**ASSIGNMENT**. What you return should be the exact lines from the one with "Figura 3. Intervención" to the end of the records below, both included, and no pictures.

── RECORDS FOR THE EXERCISE

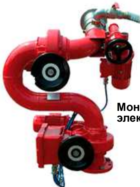
Монитор с дистанционным электроуправлением
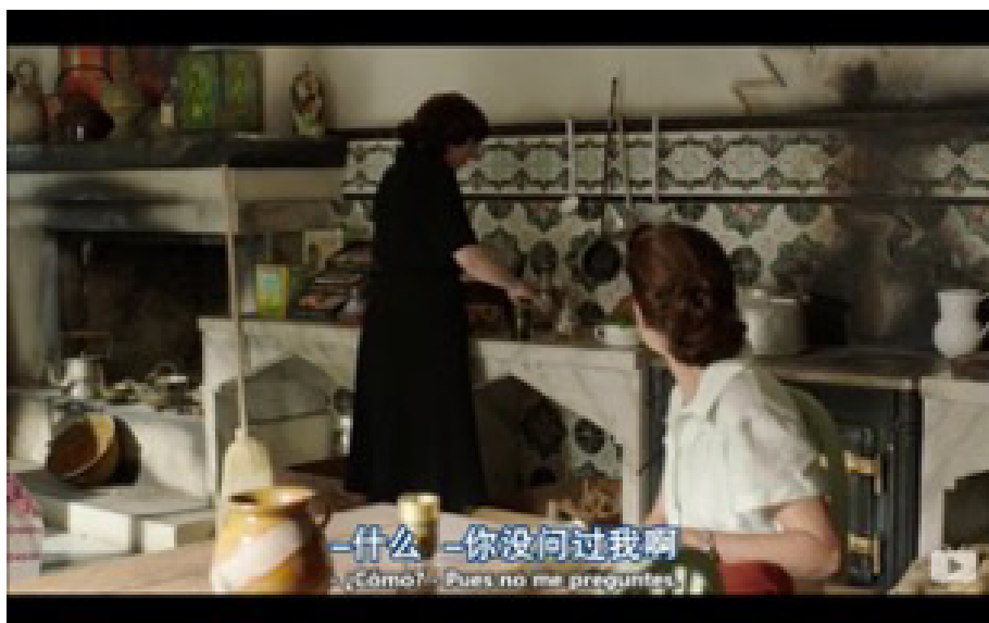
Figura 3. Intervención solapada de la versión de YYeTs

El tratamiento de las intervenciones solapadas de varias personas que hablan al mismo tiempo también es diferente en ambos casos. En la serie emitida por CCTV aparecen en dos líneas diferentes. Sin embargo, según las normas de subtitulación de YYeTs, en un diálogo entre dos personas, independientemente de la pausa que haya entre sus intervenciones o de la velocidad de habla, siempre aparecen en una línea, introducidas por un guion al comienzo de cada intervención, tal como muestra la figura 3.
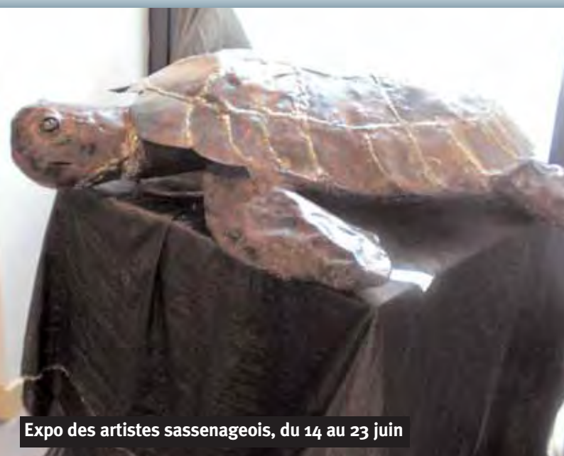
Expo des artistes sassenageois, du 14 au 23 juin
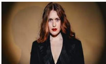
Fotograf: Caroline Franzén Maja Gallstad

Precis som pjäsen, råkade operan ut för censur och hård kritik från kyrkan. På Wiens opera fick den inte spelas alls och på Metropolitan stängdes den ner efter bara en föreställning. Idag är operan en klassiker.
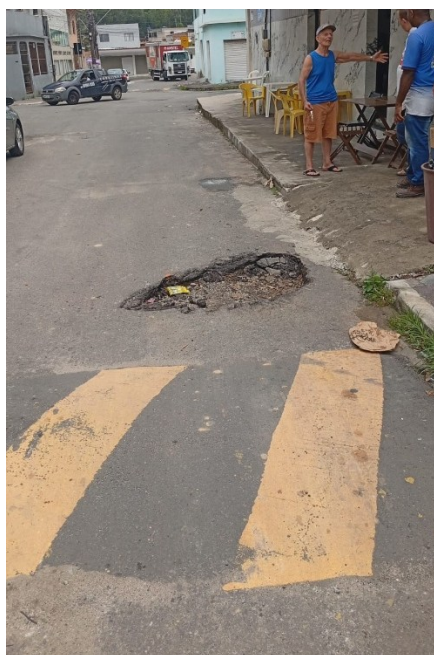
(Rua Rio Jaguaribe)

Ademais, no momento da execução dos serviços se houver a necessidade de reparo em mais pontos na Região, além daqueles pedidos ainda pendentes, devem ser prontamente incluídos nos serviços como forma de promover, preventivamente, a segurança viária em nosso Município (CRFB, art.37, §6º c/c LOM, art. 30, XXIII, "e").
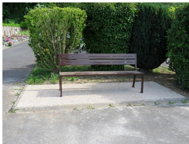
- Cimetière - 10 Mai 2022
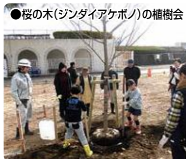
●桜の木(ジンダイアケボノ)の植樹会

野球、テニス、陸上、サッカーなどの大会が開かれる本県のスポーツの殿堂ですが、散歩、ジョギング、昼寝を楽しむ人も結構多い公園です。 また、総合スポーツゾーン整備にあわせ、老木となった桜の木の世代交代を行いました。

────

**RESULT OF THIS TASK**.
Figura 3. Intervención solapada de la versión de YYeTs

El tratamiento de las intervenciones solapadas de varias personas que hablan al mismo tiempo también es diferente en ambos casos. En la serie emitida por CCTV aparecen en dos líneas diferentes. Sin embargo, según las normas de subtitulación de YYeTs, en un diálogo entre dos personas, independientemente de la pausa que haya entre sus intervenciones o de la velocidad de habla, siempre aparecen en una línea, introducidas por un guion al comienzo de cada intervención, tal como muestra la figura 3.
Expo des artistes sassenageois, du 14 au 23 juin
Fotograf: Caroline Franzén Maja Gallstad

Precis som pjäsen, råkade operan ut för censur och hård kritik från kyrkan. På Wiens opera fick den inte spelas alls och på Metropolitan stängdes den ner efter bara en föreställning. Idag är operan en klassiker.
(Rua Rio Jaguaribe)

Ademais, no momento da execução dos serviços se houver a necessidade de reparo em mais pontos na Região, além daqueles pedidos ainda pendentes, devem ser prontamente incluídos nos serviços como forma de promover, preventivamente, a segurança viária em nosso Município (CRFB, art.37, §6º c/c LOM, art. 30, XXIII, "e").
- Cimetière - 10 Mai 2022
●桜の木(ジンダイアケボノ)の植樹会

野球、テニス、陸上、サッカーなどの大会が開かれる本県のスポーツの殿堂ですが、散歩、ジョギング、昼寝を楽しむ人も結構多い公園です。 また、総合スポーツゾーン整備にあわせ、老木となった桜の木の世代交代を行いました。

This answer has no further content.